Foghorn Staff Editorial

Paid Parental Leave For All

Staff Editorial

San Francisco became the first city in the United States that will provide six weeks of paid parental leave to both mothers and father of straight and same-sex couples, and to anyone who births or adopts a child. This new law will become effective beginning January 1,2017 for companies with more than 50 employees. The existing policy regarding parental leave, before this new ordinance was signed into law on April 5, dictated that employees were eligible to receive 55 percent of their salary for up to for up to six weeks as part of California’s Paid Family Leave program.

However, this new ordinance makes employers responsible for making up the difference. This means that employers will have to pay employees on parental leave the other 45 percent of their salary. This new ordinance applies to employees who have worked for their employer for at least 180 days and for at least eight hours a week. However, employees must repay their benefit if they leave the company they’re working for within 90 days of returning to work. There is also a possibility that all vacation days must be used up before the paid leave would begin to apply.

Currently, only California, New Jersey, Washington, Rhode Island, and the District of Columbia provide any benefits at all regarding family care-related absences from work. San Francisco is the first region in the U.S. to provide full paid leave. We can all agree that this new law is very much needed and we applaud its passage. However, the city of San Francisco passing the law is only the first step towards what many other countries consider to be the norm. According to the International Labor Organization, the United States and Papua New Guinea are the only two countries in their list that do not currently offer full paid parental leave. Not only do we hope for more states to adopt this new policy, we also believe this law should be implemented on a federal level.

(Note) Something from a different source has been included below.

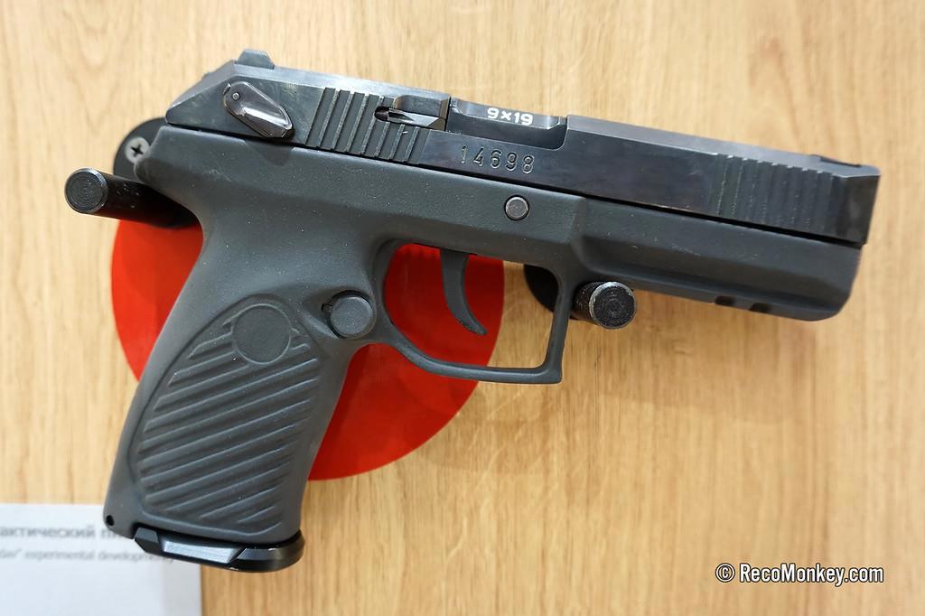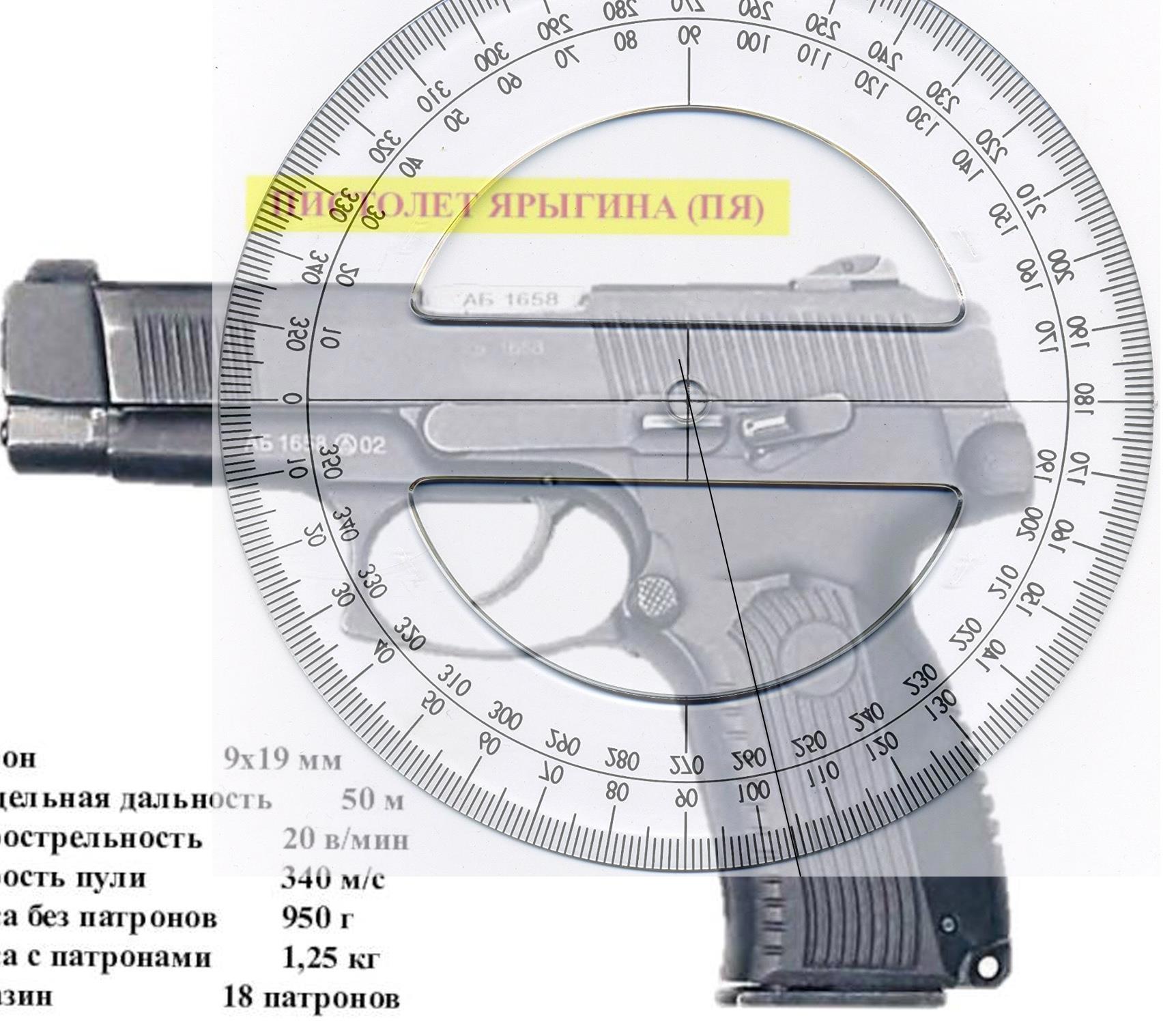 Слава богу, не все конструкторы в 90-е безнадёжно отстали от мировых тенденций. К примеру, Ярыгин, своему ПЯ дал рукоятку с углом наклона в 104 градуса, что уже терпимо. Ну и в целом пистолет вышел неплохим с автоматикой на коротком ходе ствола.

This law could also play an essential role in eradicating the notion that women have to choose between having a career over being a mother, each of which are important and valuable in their unique ways. With the six weeks of paid leave, working mothers can depend on the necessary help from their employers as opposed to feeling the pressure to return to work as soon as their child is born or adopted.

Furthermore, we praise the fact that this new policy applies to not just heterosexual couples, but also to same- sex couples and single parents. This policy rightfully keeps in mind that families are dissimilar in regards to both finances and appearances, and it supports every type of new parent.

American workers deserve the right to take care of their children without worrying about their jobs and maintaining financial stability, especially given the fact that different families experience different levels of income. Paid parental leave should not be considered a revolutionary idea, particularly when taking into account the very large number of countries who have longer parental paid leave than the United States. This law will help the average person create a better, healthier balance between work and family considering the fact that the first month of a newborn’s life is so fragile. It should be more of a legislative priority.